Why is my Terraform plan showing changes when I didn’t modify anything?

This is often due to state drift — a change made outside of Terraform, or a provider returning updated values (like a timestamp or random string). Use terraform refresh to update the state, or check for dynamic values in your configuration.

Conclusion

Writing Terraform scripts is not merely about typing code — it’s about adopting a disciplined, repeatable, and scalable approach to infrastructure management. By following the step-by-step guide in this tutorial, you’ve learned how to install Terraform, define resources, manage variables and outputs, organize code with modules, and implement secure, production-ready configurations.

Best practices such as version control, environment separation, and state management are not optional — they are the foundation of reliable infrastructure automation. Leveraging tools like tfsec, Checkov, and Atlantis further enhances your ability to deliver secure, auditable, and collaborative infrastructure changes.

The real-world examples demonstrated how Terraform can be applied to complex scenarios: from single EC2 instances to multi-tier web applications and managed Kubernetes clusters. These are not theoretical exercises — they are patterns used daily by engineering teams at Fortune 500 companies and high-growth startups alike.

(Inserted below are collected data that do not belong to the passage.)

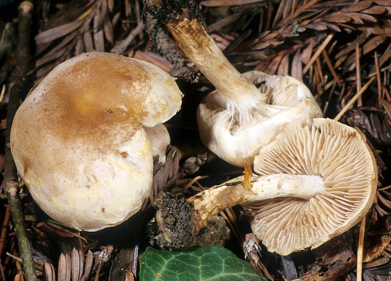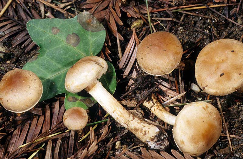 This drab brown mushroom is recognized by a bicolored cap, brown to reddish-brown at the disc, shading to cream or buff at the margin. Scattered veil fibrils are typically seen on the stipe sometimes forming an ephemeral ring. Additional although not definitive field characters include a radish-like odor and conifer habit. The radish odor, common to many Hebeloma species, helps to distinguish it from Inocybes which have similar colored spores, but different odors. Inocybe species also typically have conspicuously fibrillose, dry caps. Some Cortinarius species are also similar, but they have rusty, not dull brown spores and usually a well-developed fibrillose partial veil. It should be noted that there is considerable uncertainty regarding the species concept of Hebeloma mesophaeum. Smith et.al in The Veiled Species of Hebeloma regard it as a “collective species” listing 11 varieties differing subtly. The above description covers what is commonly seen under pines in the San Francisco Bay Area.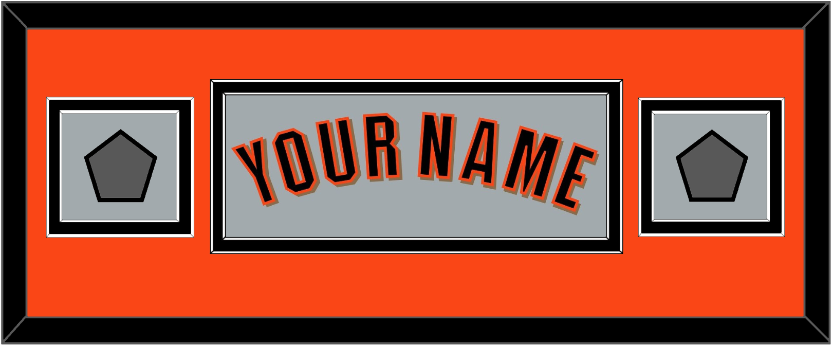 San Francisco Road Gray Jersey (2010 Through 2021) Name With 2010 & 2012 Or 2012 & 2014 World Series Champions Patches. Double Mat Cut: Orange Mat Over A Black Mat. Black Name & Patches Mounted On A Gray Mat. Black Frame.
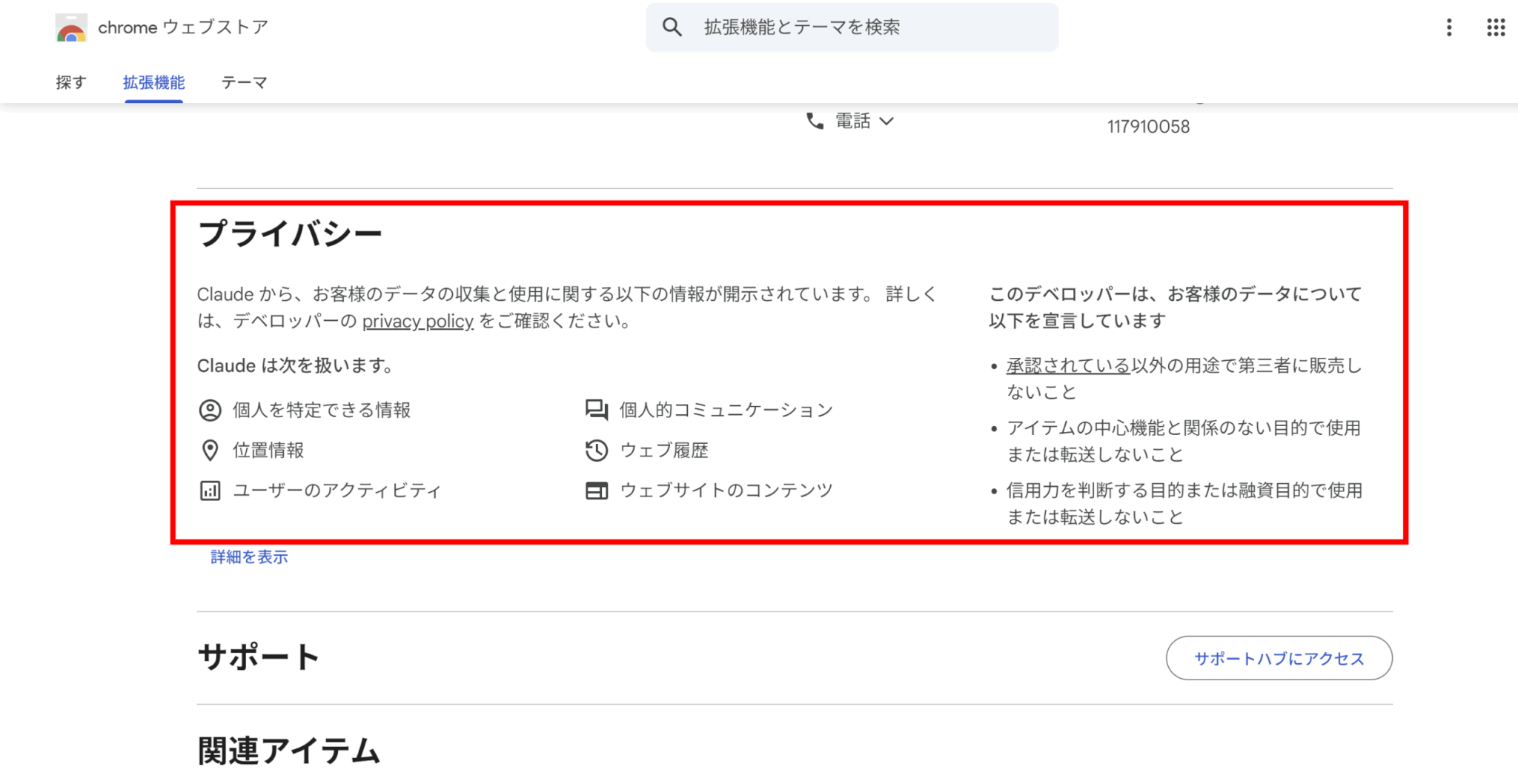 なお、Chrome Web Storeのプライバシー欄では、個人識別情報や閲覧履歴、サイト内容などを扱う可能性が示されるため、組織のデータ取り扱い基準と照合して導入可否を判断するようにしましょう。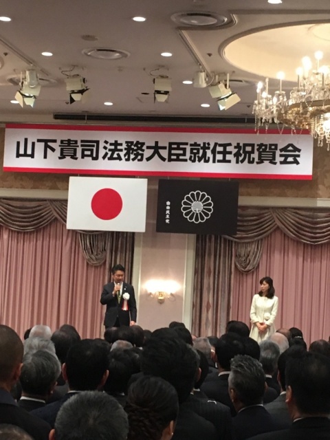その後、祝賀会へ。山下法務大臣の就任祝賀会が盛大に開催されました。衆議院議員になる前に、知人等を紹介した方が当選され、大臣になられました。やはり嬉しいです!今回の祝賀会には、私と同じ気持ちの方々が多く集まったはずです。これからの活躍を期待します。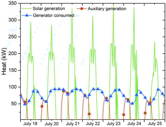 Variation in heat generation of the solar field and the auxiliary heater, and generator power consumption of the cooling and desalination system.

As cloud infrastructure becomes increasingly complex, the ability to write clear, maintainable Terraform scripts will be a defining skill for modern DevOps and SRE professionals. Start small, iterate often, document thoroughly, and never underestimate the power of automation.

Mastering Terraform is not a one-time task — it’s a continuous journey of learning, refinement, and innovation. With the resources and practices outlined here, you now have the foundation to build, scale, and secure infrastructure with confidence.